Cloud environment variability
In cloud AI environments, factors like network variability or shared infrastructure can introduce inconsistent performance that affects official test runs for AI workloads. These variables can cause significant differences in test results, making it difficult to compare AI performance data or determine expected scores for specific hardware specifications running machine learning models.
Hardware limitations in self-hosted testing
For self-hosted AI setups using specialized software like inference engines, hardware differences such as device capabilities and cooling efficiency may affect test results. Users running AI tests on PC systems with different graphics cards may experience surprisingly varied performance, particularly when comparing gaming GPUs versus professional AI hardware across different price points for machine learning workloads.
Impact on test results and consumer decisions
These factors may significantly impact the interpretation of AI concurrency test outcomes. Consumers and buyers interested in evaluating hardware performance for AI applications should note these limitations when reviewing test data, as the expected AI performance may drop under certain testing conditions, affecting the overall reputation and reliability of the AI test suite.

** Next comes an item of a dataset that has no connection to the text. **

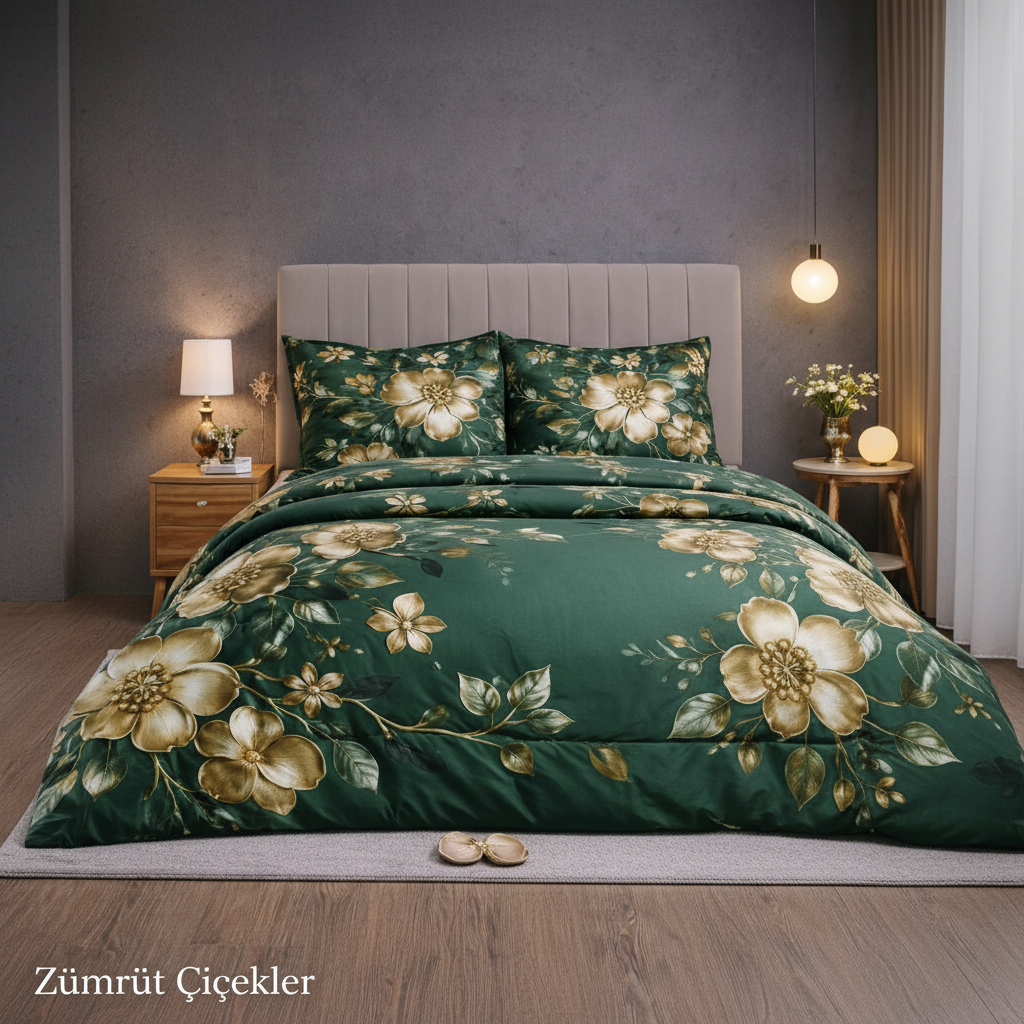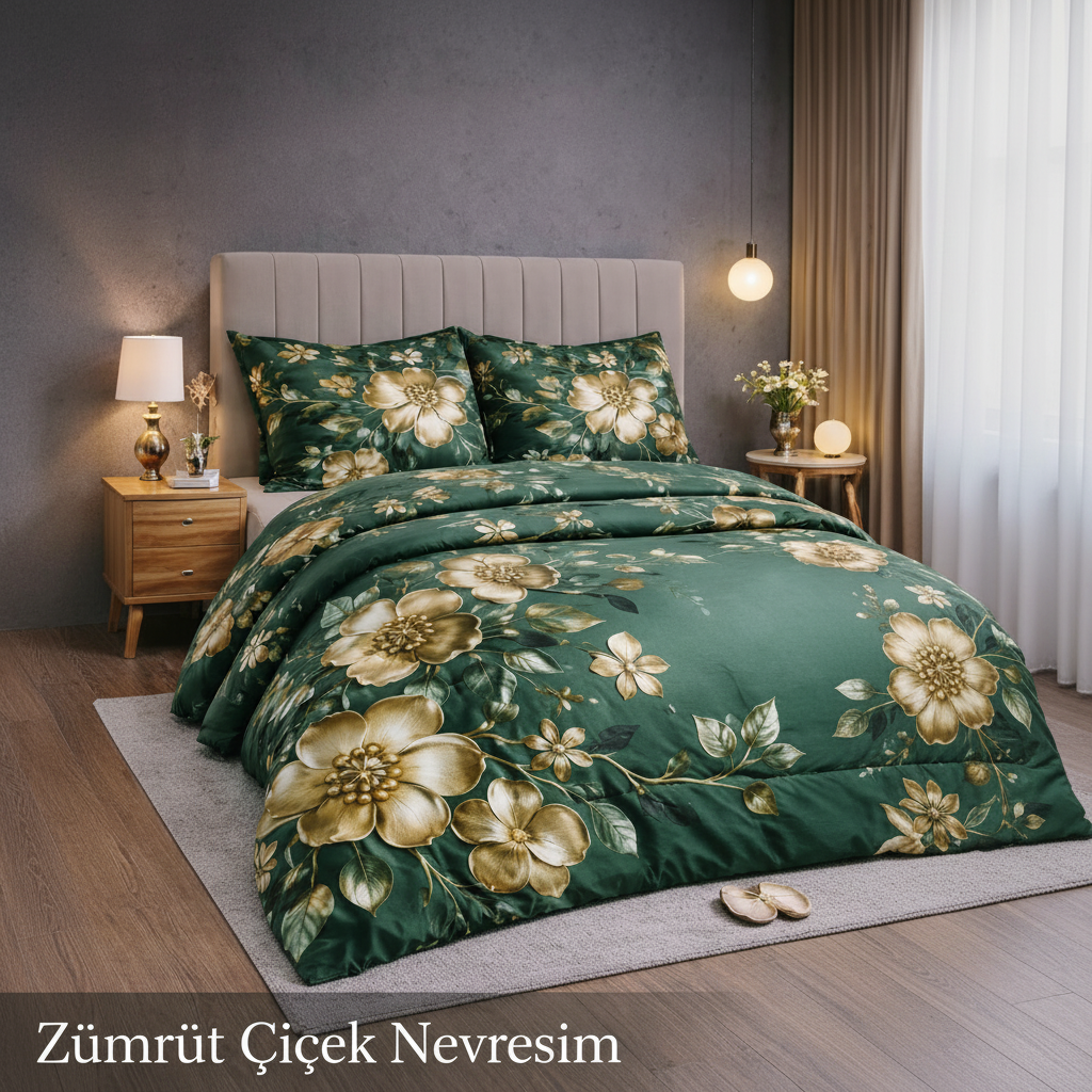 5D Zümrüt Çiçek Nevresim

Concurrency benchmark methodology
We tested NVIDIA’s latest GPU architectures using Runpod cloud infrastructure to evaluate their concurrency scaling capabilities for AI inference workloads. Our benchmark tested the H100, H200, and B200 GPUs running the OpenAI gpt-oss-20b model via vLLM under varying concurrent load conditions, ranging from single requests to scenarios with 1,024 simultaneous connections. Through measurement of throughput metrics, latency distributions, and resource utilization patterns, this analysis aims to provide insights for AI inference deployments.
Test Infrastructure
We deployed our tests on Runpod’s cloud infrastructure, utilizing NVIDIA’s most advanced GPU architectures and the vLLM framework.
- GPU Platform: Runpod cloud infrastructure (H100, H200, B200)
- Model: OpenAI GPT-OSS-20B via vLLM framework
Benchmark Configuration
Each GPU was tested across 10 different concurrency levels with standardized parameters to ensure consistent results.
- Concurrency Levels: 1, 4, 8, 16, 32, 64, 128, 256, 512, 1024 concurrent requests
- Test Duration: 180 seconds measurement phase with 30s ramp-up/cool-down
- Request Size: 1,000 input/output tokens per request
Key Metrics
We tracked performance across multiple dimensions to provide a comprehensive view of GPU capabilities under load.
- Throughput: System output tokens per second, successful requests per second, individual request token generation speed
- Latency: Time to First Token (TTFT), end-to-end latency with P50/P95/P99 percentiles, average latency per request
- Reliability: Success rate percentage, timeout vs. other error classification
Conclusion
Based on our concurrency testing of NVIDIA’s H100, H200, and B200 GPUs, each architecture shows different performance characteristics as concurrent load increases. Higher concurrency levels can boost overall system throughput, but this comes with trade-offs in per-query response times and end-to-end latency.
These benchmark results may help organizations planning AI inference deployments choose the right GPU for their specific needs—whether prioritizing throughput for batch processing or maintaining low latency for real-time applications. The performance patterns observed across different concurrency levels can inform decisions about hardware selection, capacity planning, and deployment strategies in AI infrastructure.